━━ Recorded data ━━

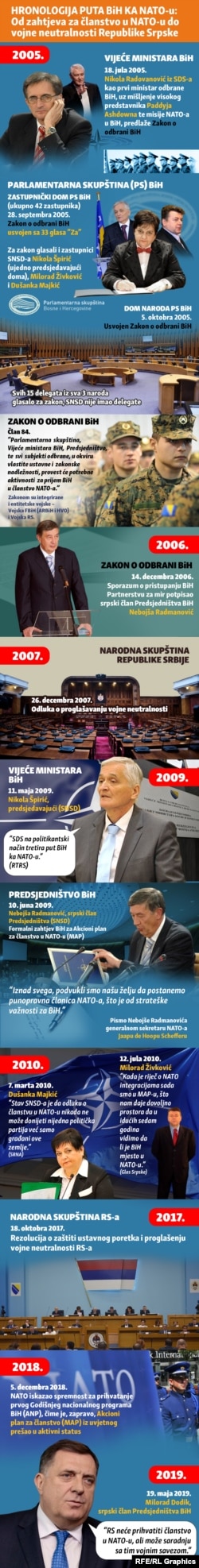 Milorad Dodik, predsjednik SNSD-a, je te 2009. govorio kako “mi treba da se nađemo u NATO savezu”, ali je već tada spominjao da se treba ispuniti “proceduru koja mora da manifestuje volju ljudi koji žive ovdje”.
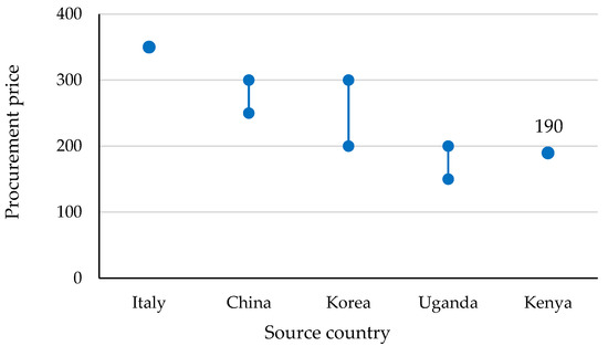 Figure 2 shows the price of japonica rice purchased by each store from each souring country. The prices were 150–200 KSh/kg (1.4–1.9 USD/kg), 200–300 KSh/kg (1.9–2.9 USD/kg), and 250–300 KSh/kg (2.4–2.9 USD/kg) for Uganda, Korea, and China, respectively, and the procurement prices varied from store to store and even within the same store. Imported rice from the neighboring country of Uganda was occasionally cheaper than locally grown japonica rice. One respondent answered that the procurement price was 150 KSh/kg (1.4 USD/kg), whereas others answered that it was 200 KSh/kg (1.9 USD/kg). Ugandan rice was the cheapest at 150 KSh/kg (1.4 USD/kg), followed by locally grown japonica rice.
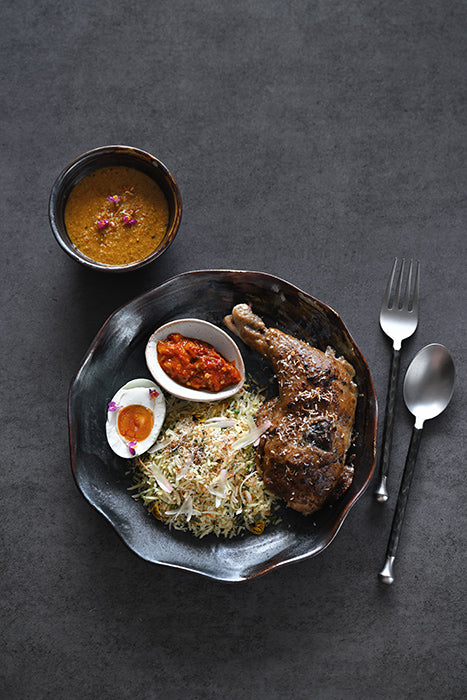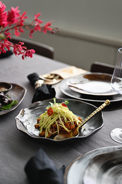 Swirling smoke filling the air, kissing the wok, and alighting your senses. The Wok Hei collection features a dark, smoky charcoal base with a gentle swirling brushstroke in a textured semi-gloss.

━━━

- _Task goal_
Copy the data exactly. Any picture it contains is to be omitted.

- _Answer for this exercise_
 Milorad Dodik, predsjednik SNSD-a, je te 2009. govorio kako “mi treba da se nađemo u NATO savezu”, ali je već tada spominjao da se treba ispuniti “proceduru koja mora da manifestuje volju ljudi koji žive ovdje”.
 Figure 2 shows the price of japonica rice purchased by each store from each souring country. The prices were 150–200 KSh/kg (1.4–1.9 USD/kg), 200–300 KSh/kg (1.9–2.9 USD/kg), and 250–300 KSh/kg (2.4–2.9 USD/kg) for Uganda, Korea, and China, respectively, and the procurement prices varied from store to store and even within the same store. Imported rice from the neighboring country of Uganda was occasionally cheaper than locally grown japonica rice. One respondent answered that the procurement price was 150 KSh/kg (1.4 USD/kg), whereas others answered that it was 200 KSh/kg (1.9 USD/kg). Ugandan rice was the cheapest at 150 KSh/kg (1.4 USD/kg), followed by locally grown japonica rice.
 Swirling smoke filling the air, kissing the wok, and alighting your senses. The Wok Hei collection features a dark, smoky charcoal base with a gentle swirling brushstroke in a textured semi-gloss.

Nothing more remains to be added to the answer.